Exercise goal :: So that the copy stays text only, transcribe the data below exactly and exclude the images.

Provided data ::
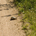 Wir sahen auf dem Weg eine große, eine kleine Schlange und eine Schildkröte.
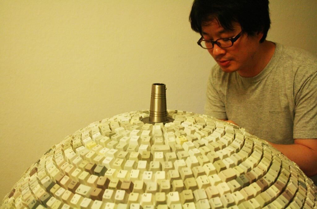 Durch die Tür gehen wir von einem Zimmer in das nächste. Wenn man das Zimmer als einen Raum versteht, ist die Tür gleichzeitig ein Eingang, der einen Raum mit einem anderen verbindet, aber auch ein Ausgang und Durchgang. So gibt es sichtbare Türen, aber auch solche, die nicht sichtbar sind. Die Computertastatur, in die wir ständig hauen / der wir uns ständig bedienen, ist ein notwendiges Mittel, mit dem wir in die digitale Welt hineingelangen. Mit der sich wiederholenden Aktion des Tippens treten wir in eine neue Welt ein. Die Tastatur übernimmt dabei die Rolle einer Tür. Die einzelnen Tasten sehen zwar gleichförmig aus, ihre Inhalte sind aber jeweils vollkommen verschieden. Und die Summe der einzelnen Tasten spielt eine große Rolle / ist wesentlich beim / für den Eintritt in eine andere Welt. Ich gehe unzähligen sich wiederholenden Aktionen wie dem Tippen der Computertasten nach. Jeden Tag schlafe ich, stehe ich auf, esse und arbeite. Diese sich wiederholenden Aktionen erschaffen mit der Zeit ein neues Ich. Ist es möglich, dass sich diese alltäglichen, sich wiederholenden Aktionen dem Tippen der Computertasten gleichen, mit dem ich in eine andere Welt eintrete?
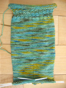 Daphne has some pretty blue-green-purple cotton socks underway. 100% cotton! Take good care of your hands, Daphne!
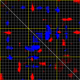 This matrix displays the maximum distance fluctuations between all pairs of CA atoms and between the two extreme conformations that were computed for this mode (DQMIN/DQMAX). Distance increases are plotted in blue and decreases in red for the strongest 10% of the residue pair distance changes. Every pixel corresponds to a single residue. Grey lines are drawn every 10 residues, yellow lines every 100 residues (counting from the upper left corner).

Result of the task ::
 Wir sahen auf dem Weg eine große, eine kleine Schlange und eine Schildkröte.
 Durch die Tür gehen wir von einem Zimmer in das nächste. Wenn man das Zimmer als einen Raum versteht, ist die Tür gleichzeitig ein Eingang, der einen Raum mit einem anderen verbindet, aber auch ein Ausgang und Durchgang. So gibt es sichtbare Türen, aber auch solche, die nicht sichtbar sind. Die Computertastatur, in die wir ständig hauen / der wir uns ständig bedienen, ist ein notwendiges Mittel, mit dem wir in die digitale Welt hineingelangen. Mit der sich wiederholenden Aktion des Tippens treten wir in eine neue Welt ein. Die Tastatur übernimmt dabei die Rolle einer Tür. Die einzelnen Tasten sehen zwar gleichförmig aus, ihre Inhalte sind aber jeweils vollkommen verschieden. Und die Summe der einzelnen Tasten spielt eine große Rolle / ist wesentlich beim / für den Eintritt in eine andere Welt. Ich gehe unzähligen sich wiederholenden Aktionen wie dem Tippen der Computertasten nach. Jeden Tag schlafe ich, stehe ich auf, esse und arbeite. Diese sich wiederholenden Aktionen erschaffen mit der Zeit ein neues Ich. Ist es möglich, dass sich diese alltäglichen, sich wiederholenden Aktionen dem Tippen der Computertasten gleichen, mit dem ich in eine andere Welt eintrete?
 Daphne has some pretty blue-green-purple cotton socks underway. 100% cotton! Take good care of your hands, Daphne!
 This matrix displays the maximum distance fluctuations between all pairs of CA atoms and between the two extreme conformations that were computed for this mode (DQMIN/DQMAX). Distance increases are plotted in blue and decreases in red for the strongest 10% of the residue pair distance changes. Every pixel corresponds to a single residue. Grey lines are drawn every 10 residues, yellow lines every 100 residues (counting from the upper left corner).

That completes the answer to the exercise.